Russo-Iranian Cooperation in Syria
About three weeks after a cease-fire agreement for Syria officially started (on February 27, 2016), Russian President Vladimir Putin announced that Russia would begin a partial withdraw from Syria on March 14, 2016. The next day the Russian military began downsizing its presence in Syria. This began being presented as a stumbling block between Tehran and the Kremlin.
Reports were published that claimed that Tehran was upset at the Russian move. The Russian withdrawal is portrayed in these reports as a surprise to the Iranian side. The Iranian government, however, has announced that the reduction of the Russian military force in Syria is a positive sign of success, which means that Iran and Russia have achieved their key objectives inside Syria. Moreover, if the Russian move hurt Iranian interests inside Syria, it would not have resulted in Israeli President Reuven Rivlin making a request on March 16, 2016 to Moscow to ensure that Iran and Lebanon’s Hezbollah do not benefit from the Russian decision to reduce its military presence.
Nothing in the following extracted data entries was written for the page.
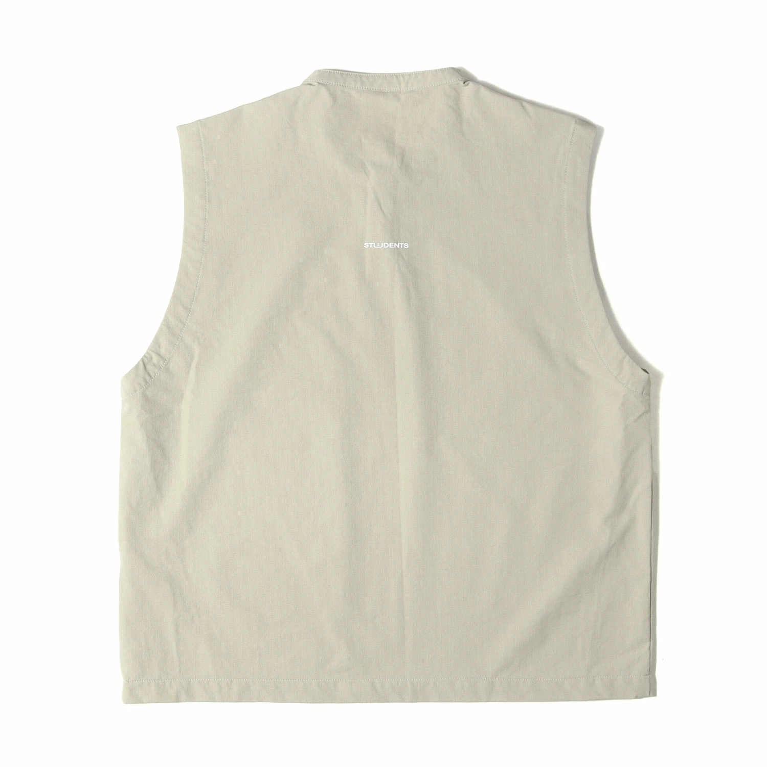 STUDENTS GOLF Vest, Beige, Size L | Logo Henley Neck Stretch Nylon Vest | Men's Golf Tops, Pre-owned, Excellent Condition, K4642
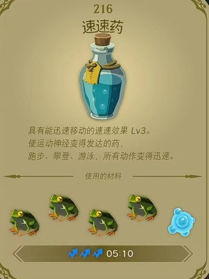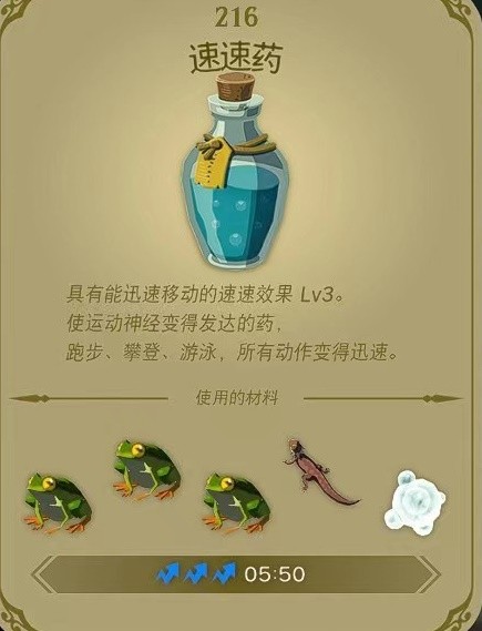 速速蛙3个+速速蜥蜴1个+丘丘胶1个=5分钟的3级速度药剂。
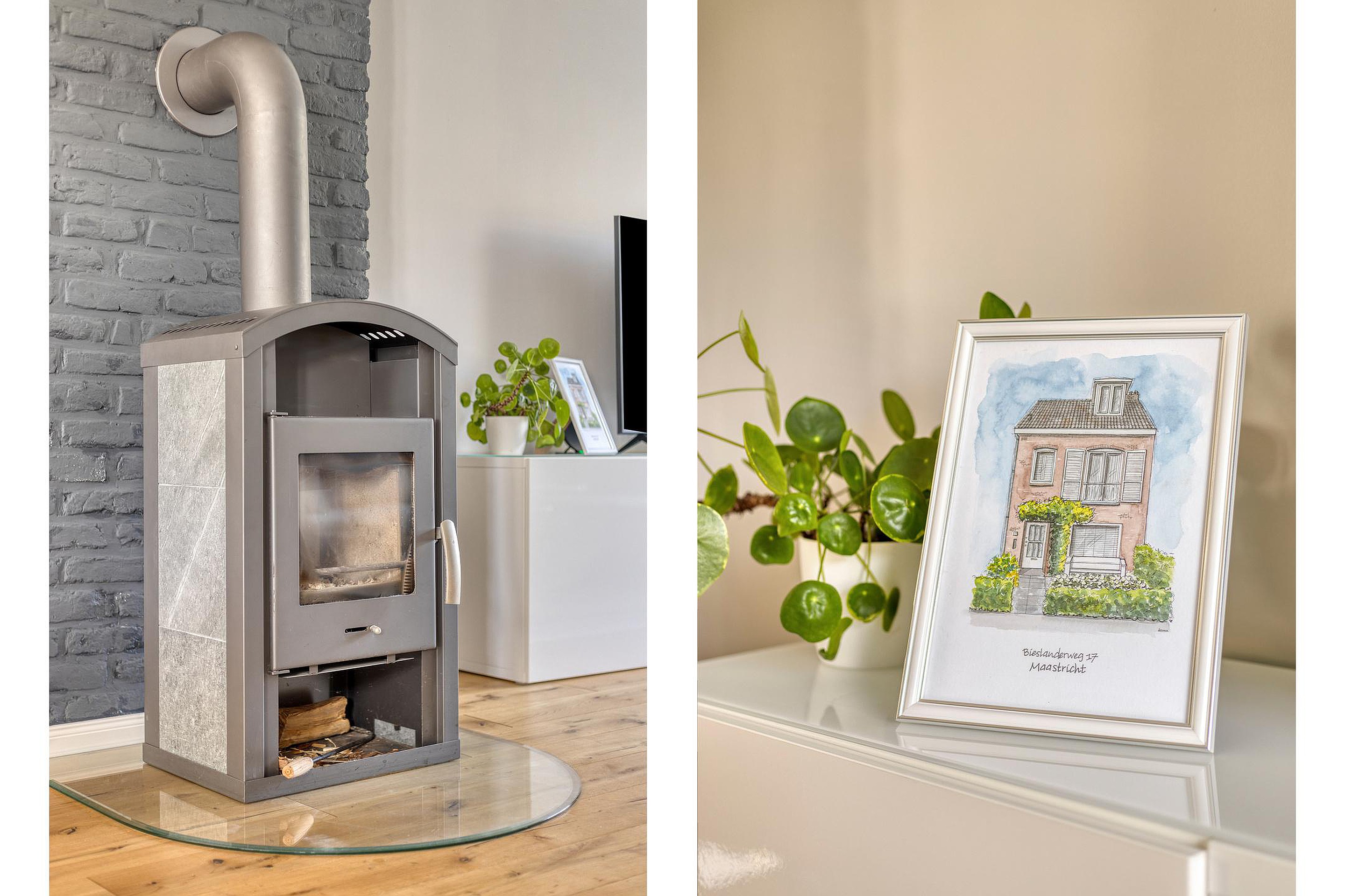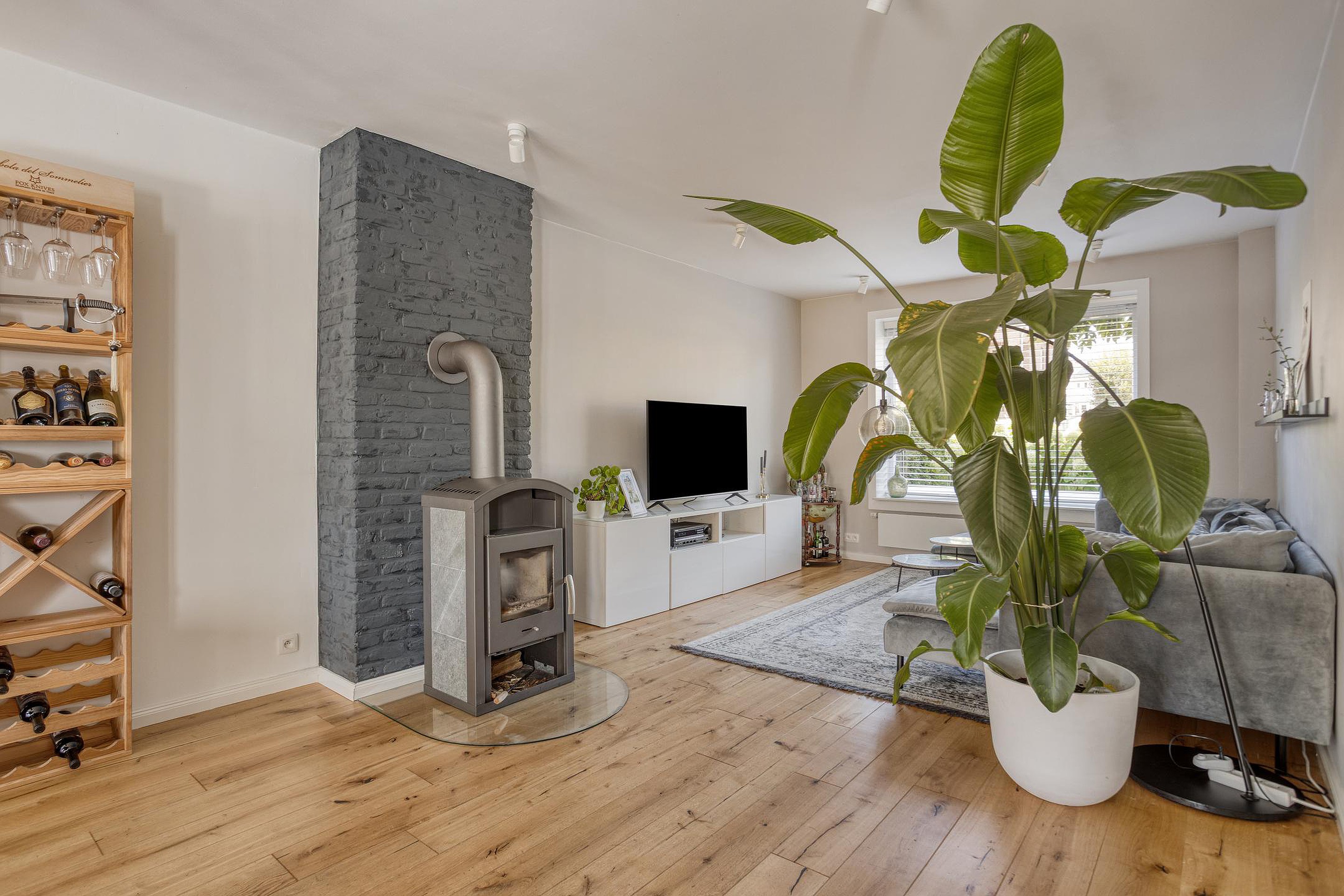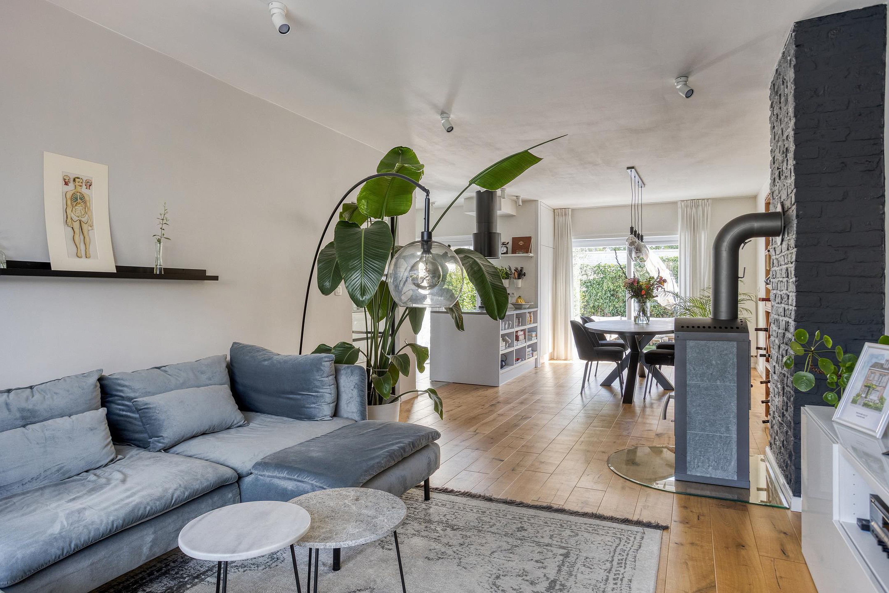 De doorzonwoonkamer (34m2) is voorzien van een keurige laminaatvloer, een sfeervolle houtkachel en een open verbinding met de keuken. Dankzij de grote raampartijen geniet je hier van veel natuurlijk licht.
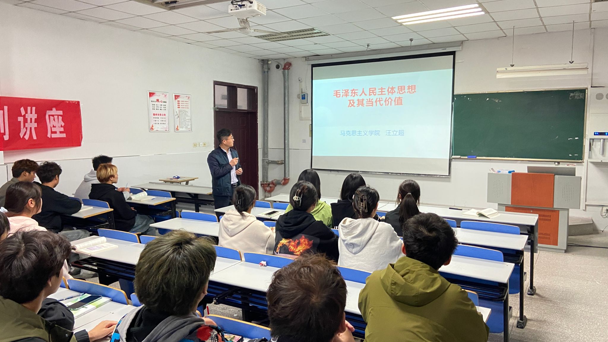 今年是毛泽东诞辰130周年,为了缅怀伟大领袖,深化党史学习教育,11月8日,马克思主义学院思政理论课教师汪立超副教授在1101教室为2023级学生做了一场“毛泽东人民主体思想及其当代价值”学术讲座。这是马克思主义学院常态化长效化开展党史学习教育的具体举措,同时也是进一步推动“思政励志教育课”的深入开展的具体行动。

Nor was Iran caught off guard by the Kremlin’s decision to reduce its military presence in Syria. Iranian and Russian generals and officials have been shuttling back and forth from one another’s capitals for months speaking on and strategizing over the conflict Syria. It is highly unlikely that Moscow’s decision to reconstitute its military position in Syria was not coordinated with either the Iranian or Syrian governments. Tehran, Moscow, and Damascus have been constantly consulting one another about the military operations in Syria.
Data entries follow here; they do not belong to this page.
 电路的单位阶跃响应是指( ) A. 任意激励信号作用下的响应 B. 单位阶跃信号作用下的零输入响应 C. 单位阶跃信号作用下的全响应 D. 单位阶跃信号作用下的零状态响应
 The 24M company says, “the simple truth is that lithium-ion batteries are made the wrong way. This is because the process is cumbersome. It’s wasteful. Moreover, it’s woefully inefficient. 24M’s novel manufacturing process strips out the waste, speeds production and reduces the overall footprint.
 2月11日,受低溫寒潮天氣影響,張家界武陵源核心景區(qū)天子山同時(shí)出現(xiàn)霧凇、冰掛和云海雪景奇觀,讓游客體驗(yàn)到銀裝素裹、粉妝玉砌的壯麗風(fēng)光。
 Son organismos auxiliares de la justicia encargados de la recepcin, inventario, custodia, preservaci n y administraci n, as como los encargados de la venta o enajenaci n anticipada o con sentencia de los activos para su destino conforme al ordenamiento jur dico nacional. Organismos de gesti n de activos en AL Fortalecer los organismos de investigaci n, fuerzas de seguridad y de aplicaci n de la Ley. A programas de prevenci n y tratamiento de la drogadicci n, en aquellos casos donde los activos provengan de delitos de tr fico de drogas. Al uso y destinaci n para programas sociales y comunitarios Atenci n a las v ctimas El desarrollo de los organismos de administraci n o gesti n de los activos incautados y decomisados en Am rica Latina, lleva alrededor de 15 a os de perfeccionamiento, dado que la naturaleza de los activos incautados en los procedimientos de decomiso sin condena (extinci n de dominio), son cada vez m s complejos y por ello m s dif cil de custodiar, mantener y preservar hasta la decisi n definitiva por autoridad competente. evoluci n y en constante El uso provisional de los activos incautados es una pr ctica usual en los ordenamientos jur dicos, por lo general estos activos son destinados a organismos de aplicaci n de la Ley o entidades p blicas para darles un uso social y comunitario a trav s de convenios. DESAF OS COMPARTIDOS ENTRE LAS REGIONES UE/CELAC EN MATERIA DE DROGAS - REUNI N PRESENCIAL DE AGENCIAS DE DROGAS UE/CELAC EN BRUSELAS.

If it was not for Iranian and Russian cooperation and resoluteness in Syria, the cease-fire agreement in Syria would not have materialized. The most recent wave of false reports about Russian and Iranian tensions in Syria are aimed at creating suspicion and managing the perception of US clients. This discourse is not only aimed at misleading people or targeting Iran and Russia, it is aimed at deceiving US clients and Syrian opposition figures in the Middle East about the reality of the situation on the ground in Syria, which is that the camps supported by the Iranians and the Russians in the Middle East are the ones on top.
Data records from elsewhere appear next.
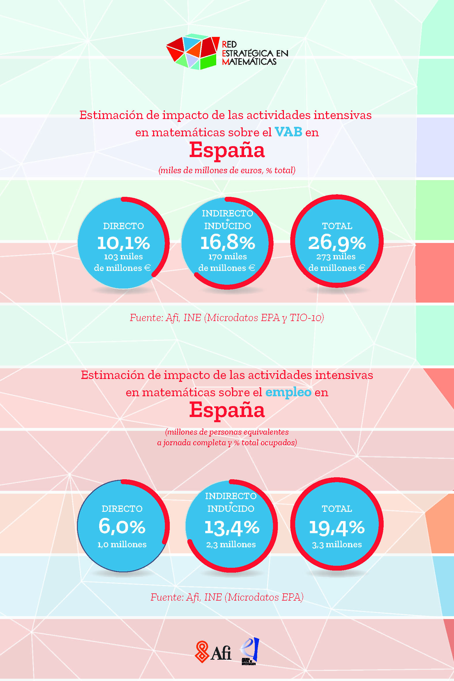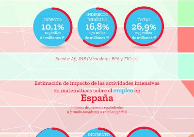 - Si se añade el impacto indirecto e inducido de las matemáticas sobre otras actividades económicas en España, las cifras alcanzan el 19,4% del empleo y el 26,9% del PIB.
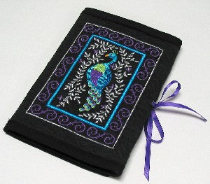 On the outer fabric, mark a rectangle that is 18 inches wide by 9 inches high. Now embroider the design in the center of the marked rectangle. I selected the Peacock design for its elegance and size. It lends itself to metallic thread accents, which are so appropriate for this project.
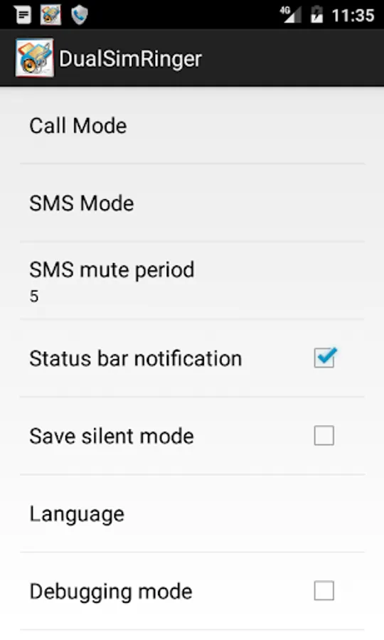 The application allows you to set the ringtones of calls and SMS to Dual SIM phones for each SIM separately. It is possible to configure exceptions for numbers from contacts.
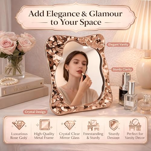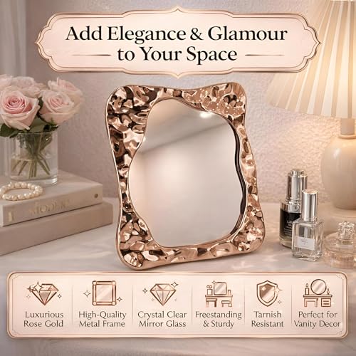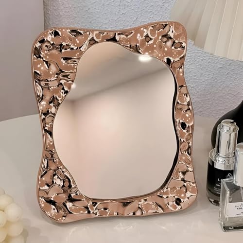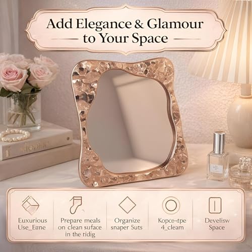 Generic - مراة انيقة - مرآة ذات شكل منحني بقاعدة ثابتة؛ مقاس 22 سم × 18 سم، توفر انعكاسًا واضحًا وخاليًا من التشويش لوضع مكياج مثالي على أي طاولة زينة. (موديل 2)

Any ideas about some type of Russo-Iranian fallout are wishful thinking. Both powers are moving towards even deeper cooperation across the Eurasian landmass from the Mediterranean littoral and Iraq to the Caucasus and Central Asia. They are not only cooperating militarily together, but both Tehran and Moscow are also deepening their industrial, agricultural financial, political, and economic ties too. This is no temporary alliance, but part of a long-term engagement and strategic partnership.